Zachs rates Apple a sell as of April 11. If there’s a market rally, however, that recommendation could change.
Bernard Zambonin Wants To Wait
Bernard Zambonin of TipRanks wrote that it’s not a good idea to buy the dip on Apple. His reasoning is that Apple is perhaps in the worst position possible in light of the huge tariffs placed on goods from China.
The possibility of seeing materials costs double practically overnight means, in Zambonin’s opinion, that Apple is facing nearly insurmountable headwinds at worst and long-term uncertainty at best.
Wait for More Certainty, Says Mohit Oberoi
Mohit Oberoi of Barchart noted that Apple is typically somewhat defensive, falling less than other tech stocks, even in turbulent times. However, Apple was negatively impacted by the tariff announcement even more than other tech titans, probably because of its reliance on Chinese materials and production.

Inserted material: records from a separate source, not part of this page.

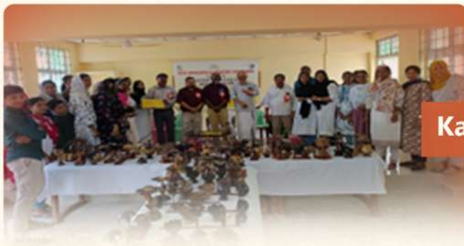
Kanyapuram Gram Panchayat

The Industries Department organized a 15-day short-term skill development training programme on handicrafts —focusing on coconut shell, wooden, and cane & bamboo products—at Kanyapuram Gram Panchayat from 16 April to 5 May 2025 , engaging 35 participants and aiming to promote self-employment and strengthen the local economy.
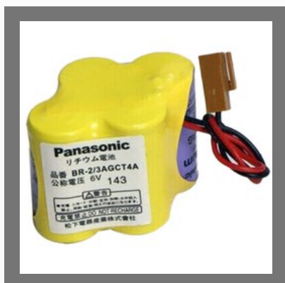
Panasonic Battery Br-2/3agct4a
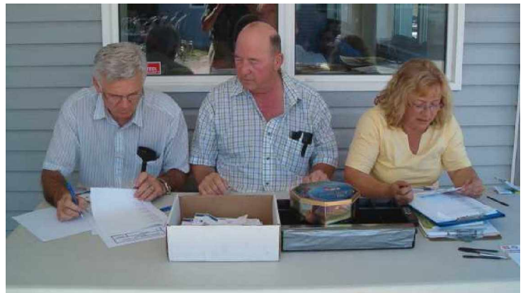
Making sure everyone starts on time
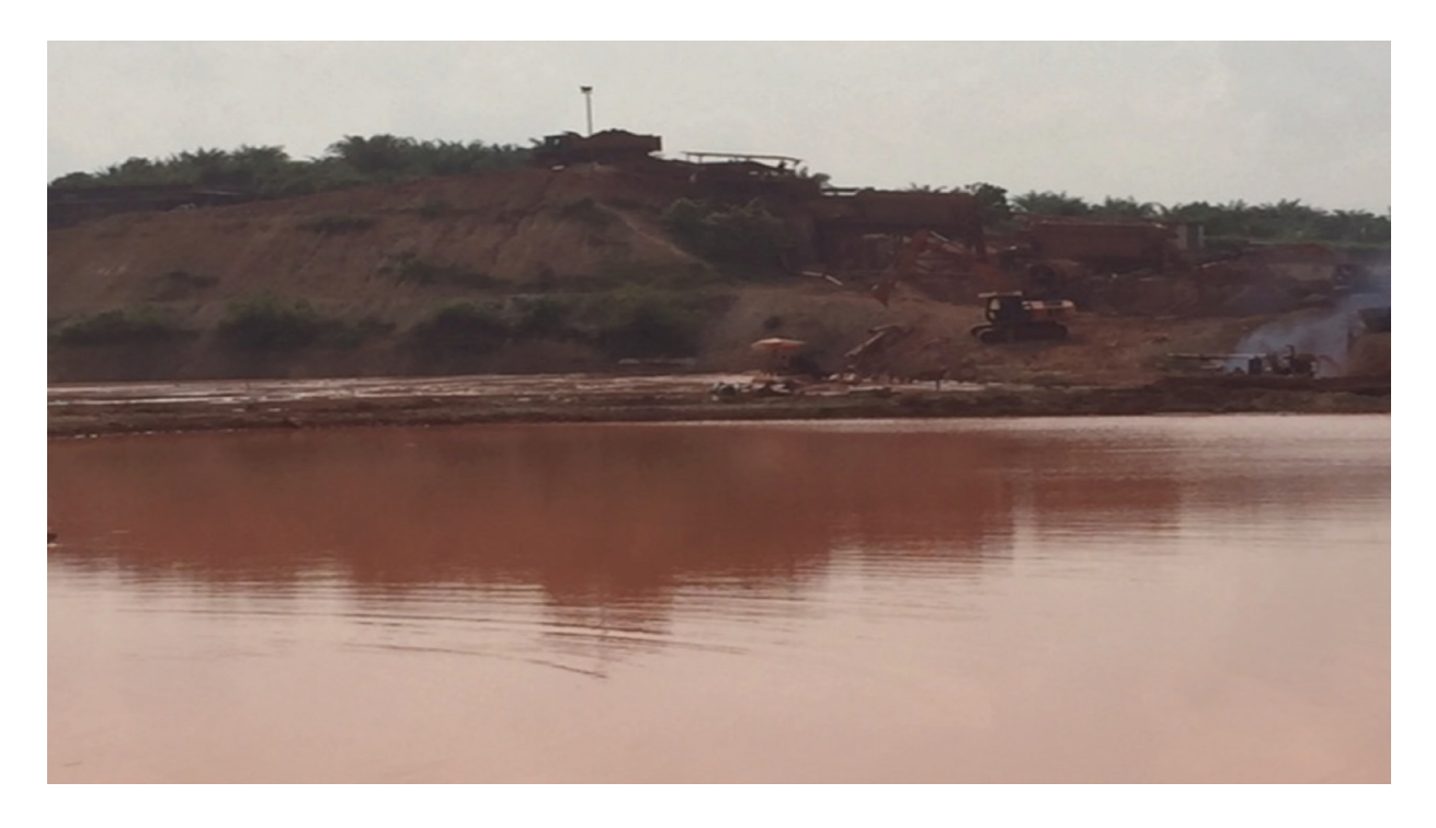
Figure 6: Bauxite washing pond showing "red water"

Malays J Med Sci. May-Jun 2016; 23(3): 1-8
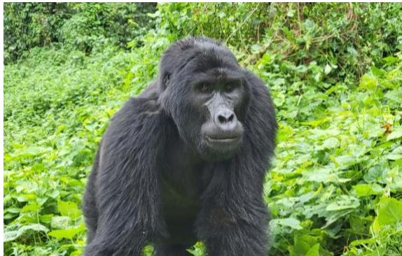
Mountain Gorilla

Wake up before dawn to hike into the forest arriving at your focal chimp group just in time to see them stir and wake from their nests. Observe their daily routines while they interact in their natural habitat, and watch them eat, groom, play, and care for their young. Your expert guide will describe their behaviors and help locate other animals that share the tropical forest.
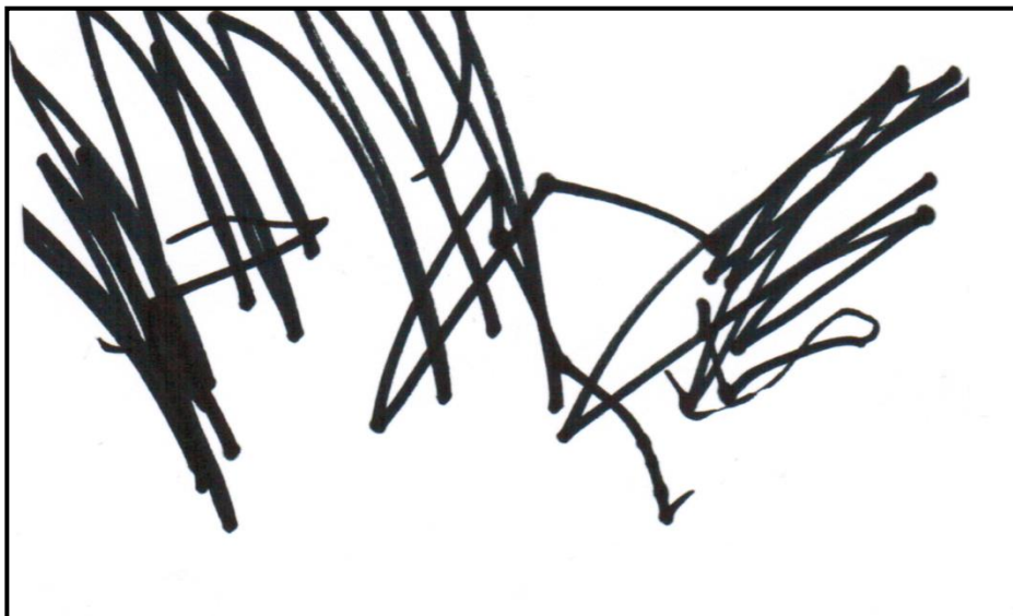
Early mark making

The environment is carefully set up to be homely; for children to discover, explore, experiment and problem solve, and is crafted around children's interests and skills, teachers' provocations, and seasonal conditions.
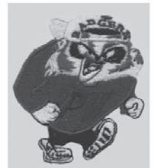
SCHOLAR ATHLETES POWDER VALLEY
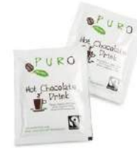
Fairtrade Hot Chocolate - Sachets
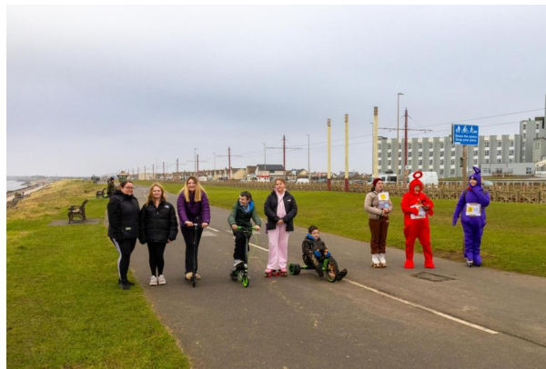
6 - All We Can-uary

hold onto a box of laminated carol sheets, but God is faithful and soon people began to join her. Here, she shares with us: "soon the voices of over 70 all age people, from toddler to granny, filled the sky with carols singing of the birth of our Lord Jesus Christ. The Christmas story was told in an interactive way and a prayer and a blessing shared. All stayed for fellowship for at least another hour after the service. This was my final Pioneer Carol Service here on Calderstones Park in the Clitheroe Circuit. When I came here 4 years ago, God put on my heart the word 'intentional'. I have done my upmost to be faithful to that call to share the Gospel with those who do not know him. There are no words that can adequately describe how humble I feel to have such a calling and the joy of seeing the Holy Spirit at work in the community here at Calderstones Park."
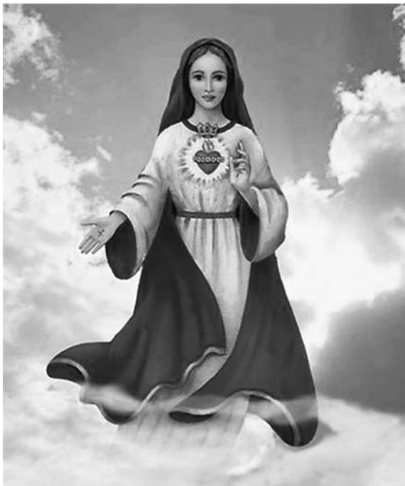
Mary, Refuge of Holy Love
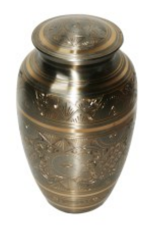
with "Sovereign" urn £290
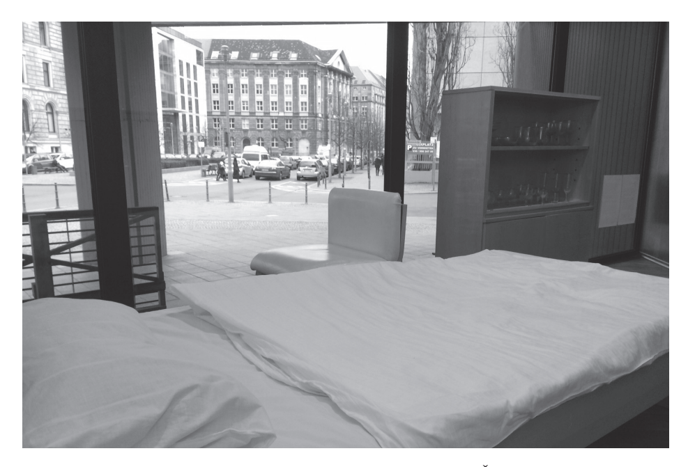
Fig. 8: The room - view from the room (daylight)

On the one hand it gives the impression of privacy and separation from the rest of the exhibition, and thus also the building, on the other hand this small simple tidy room creates a shop window. The bed can be used for visitors wishing to become part of the installation. The windowed wall of the room raises another interactive element of the installation; when people on the street outside, observe the room; back-dropped by their own reflections. Moreover, the glass wall of the gallery is situated close to metal gateway leading to the adjoining parking area of the embassy. The gateway is from time to time automatically opened and closed during arrivals and departures of cars, which is also reflected on the front wall of the room, adding to the feeling of an observed and exposed space. Last but not least, this fake room connects the whole exhibition with the building where
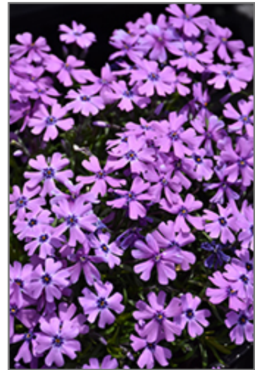
Purple Beauty Moss Phlox flowers
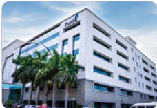
India Branch in Chennai
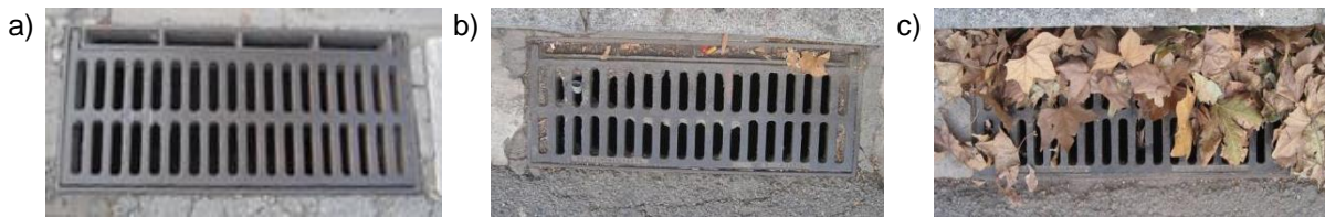
Figure 1. a) Clean and b,c) clogged inlets

pictures of every selected inlet were collected (Figure 1). A comprehensive analysis of the clogged inlets was carried out, by determining several types of clogging patterns, their associated frequency and their spatial distribution. Once the field study was finished, a quantification of the efficiency reduction was determined through laboratory tests, and reduction coefficients of hydraulic efficiency were proposed.
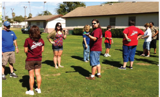
Water balloon toss is about to get wild
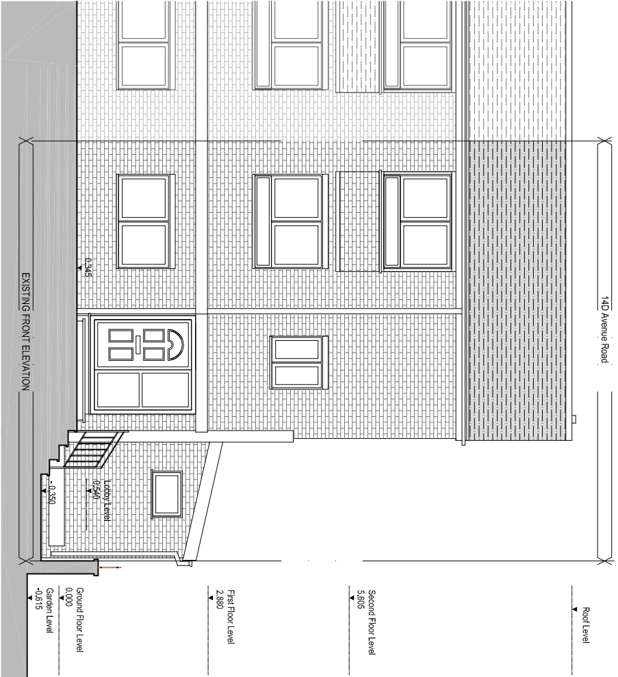
EXISTING FRONT ELEVATION SCALE 1:100 @ A3

As of April 9, Apple stock was down almost 20% from the previous week. Oberoi cited the uncertainty over the future of tariffs as a reason to refrain from buying the dip in Apple right now.
The tariff-driven rout of the market over the first few days of April has produced a lot of opportunities to buy the dip in many different sectors. The consensus seems to be that as far as the tech sector in general — and Apple in particular — is concerned, investors would be prudent to wait.